## Material provided
########################################

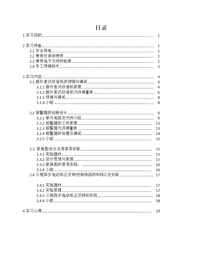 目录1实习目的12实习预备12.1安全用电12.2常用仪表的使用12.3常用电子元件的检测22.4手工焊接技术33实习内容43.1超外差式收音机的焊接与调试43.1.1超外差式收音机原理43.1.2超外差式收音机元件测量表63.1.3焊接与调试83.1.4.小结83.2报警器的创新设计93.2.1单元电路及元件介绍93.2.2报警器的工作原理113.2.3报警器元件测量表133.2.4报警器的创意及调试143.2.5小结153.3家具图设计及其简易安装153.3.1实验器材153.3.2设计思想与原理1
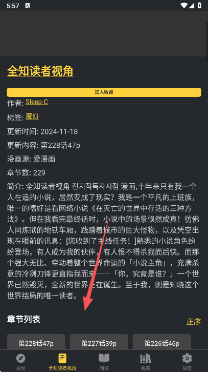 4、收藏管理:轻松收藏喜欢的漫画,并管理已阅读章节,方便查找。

########################################

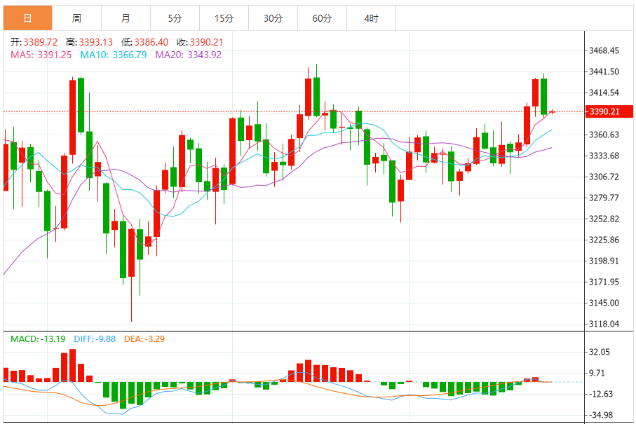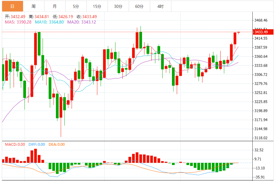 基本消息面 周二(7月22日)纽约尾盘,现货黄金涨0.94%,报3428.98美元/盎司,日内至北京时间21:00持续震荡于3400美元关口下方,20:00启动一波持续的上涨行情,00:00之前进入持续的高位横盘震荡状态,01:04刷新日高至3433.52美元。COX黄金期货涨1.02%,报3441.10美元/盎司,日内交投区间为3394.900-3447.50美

########################################

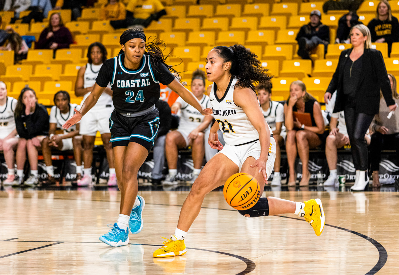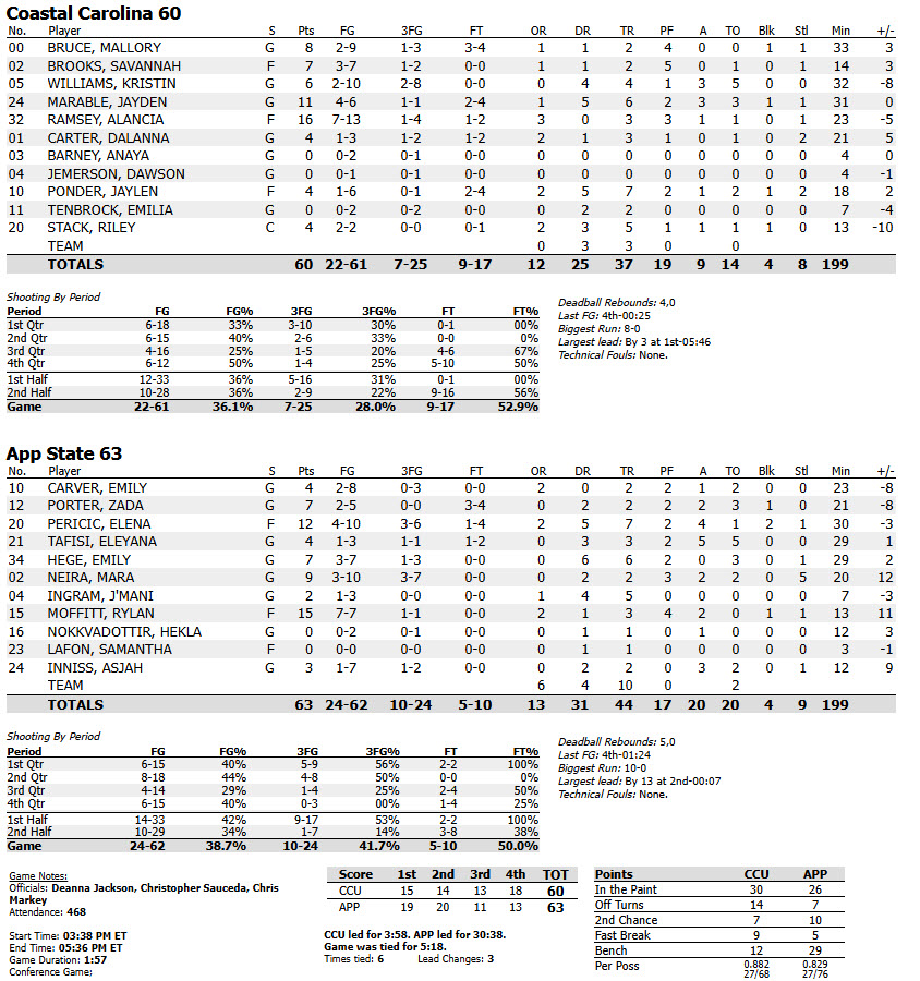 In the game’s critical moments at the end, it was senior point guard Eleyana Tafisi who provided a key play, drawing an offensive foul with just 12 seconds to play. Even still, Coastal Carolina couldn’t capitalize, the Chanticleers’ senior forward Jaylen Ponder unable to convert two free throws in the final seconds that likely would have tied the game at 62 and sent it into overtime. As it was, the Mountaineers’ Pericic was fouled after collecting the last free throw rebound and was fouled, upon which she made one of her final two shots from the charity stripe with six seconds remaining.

########################################

## Assigned task
Reproduce the data above exactly, but only the lines from the one showing "目录1实习目的12实习预备1" through the one showing "4、收藏管理:轻松收藏喜欢的漫画,并管理已阅读章节,方便查找。", with both ends kept and the pictures left out.

## Result of the exercise
 目录1实习目的12实习预备12.1安全用电12.2常用仪表的使用12.3常用电子元件的检测22.4手工焊接技术33实习内容43.1超外差式收音机的焊接与调试43.1.1超外差式收音机原理43.1.2超外差式收音机元件测量表63.1.3焊接与调试83.1.4.小结83.2报警器的创新设计93.2.1单元电路及元件介绍93.2.2报警器的工作原理113.2.3报警器元件测量表133.2.4报警器的创意及调试143.2.5小结153.3家具图设计及其简易安装153.3.1实验器材153.3.2设计思想与原理1
 4、收藏管理:轻松收藏喜欢的漫画,并管理已阅读章节,方便查找。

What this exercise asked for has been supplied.